▶ MATERIAL PROVIDED
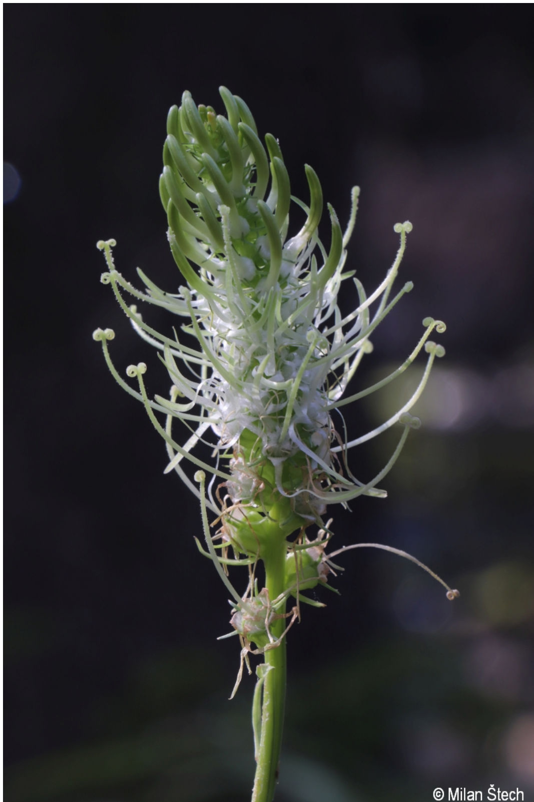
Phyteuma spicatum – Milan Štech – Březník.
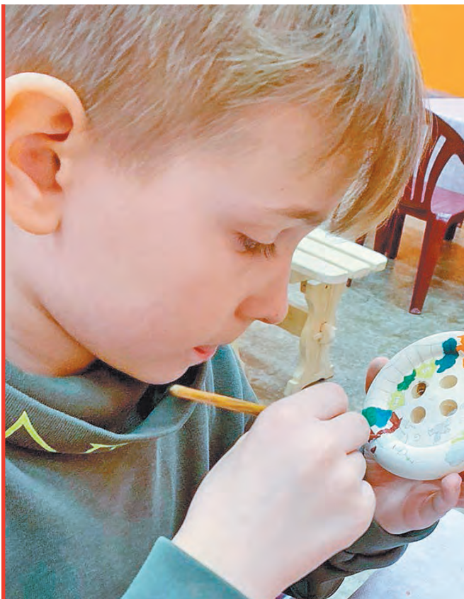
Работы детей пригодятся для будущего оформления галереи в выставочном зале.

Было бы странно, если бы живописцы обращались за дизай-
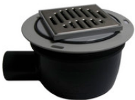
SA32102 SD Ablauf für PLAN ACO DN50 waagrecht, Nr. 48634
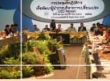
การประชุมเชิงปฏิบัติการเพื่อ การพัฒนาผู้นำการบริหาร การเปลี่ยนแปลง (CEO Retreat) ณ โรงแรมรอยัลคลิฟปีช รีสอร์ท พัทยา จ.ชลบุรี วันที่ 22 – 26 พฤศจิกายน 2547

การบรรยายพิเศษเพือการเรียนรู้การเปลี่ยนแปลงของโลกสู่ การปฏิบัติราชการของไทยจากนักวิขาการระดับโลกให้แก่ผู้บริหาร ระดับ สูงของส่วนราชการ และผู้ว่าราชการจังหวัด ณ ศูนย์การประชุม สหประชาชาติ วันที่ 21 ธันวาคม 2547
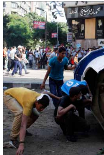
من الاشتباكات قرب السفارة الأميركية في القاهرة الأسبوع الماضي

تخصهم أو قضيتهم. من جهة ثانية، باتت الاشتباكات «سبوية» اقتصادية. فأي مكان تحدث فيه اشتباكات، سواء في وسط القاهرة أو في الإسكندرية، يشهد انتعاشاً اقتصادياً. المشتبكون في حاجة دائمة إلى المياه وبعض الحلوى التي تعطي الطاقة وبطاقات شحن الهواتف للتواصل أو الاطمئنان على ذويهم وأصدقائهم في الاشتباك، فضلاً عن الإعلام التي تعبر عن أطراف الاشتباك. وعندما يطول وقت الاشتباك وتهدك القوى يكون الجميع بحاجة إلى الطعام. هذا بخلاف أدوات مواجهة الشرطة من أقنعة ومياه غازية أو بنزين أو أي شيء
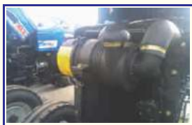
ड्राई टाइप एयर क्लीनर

▶ PROBLEM
Retype the full listing exactly; pictures stay out.

▶ SOLVED PROBLEM
Phyteuma spicatum – Milan Štech – Březník.
Работы детей пригодятся для будущего оформления галереи в выставочном зале.

Было бы странно, если бы живописцы обращались за дизай-
SA32102 SD Ablauf für PLAN ACO DN50 waagrecht, Nr. 48634
การประชุมเชิงปฏิบัติการเพื่อ การพัฒนาผู้นำการบริหาร การเปลี่ยนแปลง (CEO Retreat) ณ โรงแรมรอยัลคลิฟปีช รีสอร์ท พัทยา จ.ชลบุรี วันที่ 22 – 26 พฤศจิกายน 2547

การบรรยายพิเศษเพือการเรียนรู้การเปลี่ยนแปลงของโลกสู่ การปฏิบัติราชการของไทยจากนักวิขาการระดับโลกให้แก่ผู้บริหาร ระดับ สูงของส่วนราชการ และผู้ว่าราชการจังหวัด ณ ศูนย์การประชุม สหประชาชาติ วันที่ 21 ธันวาคม 2547
من الاشتباكات قرب السفارة الأميركية في القاهرة الأسبوع الماضي

تخصهم أو قضيتهم. من جهة ثانية، باتت الاشتباكات «سبوية» اقتصادية. فأي مكان تحدث فيه اشتباكات، سواء في وسط القاهرة أو في الإسكندرية، يشهد انتعاشاً اقتصادياً. المشتبكون في حاجة دائمة إلى المياه وبعض الحلوى التي تعطي الطاقة وبطاقات شحن الهواتف للتواصل أو الاطمئنان على ذويهم وأصدقائهم في الاشتباك، فضلاً عن الإعلام التي تعبر عن أطراف الاشتباك. وعندما يطول وقت الاشتباك وتهدك القوى يكون الجميع بحاجة إلى الطعام. هذا بخلاف أدوات مواجهة الشرطة من أقنعة ومياه غازية أو بنزين أو أي شيء
ड्राई टाइप एयर क्लीनर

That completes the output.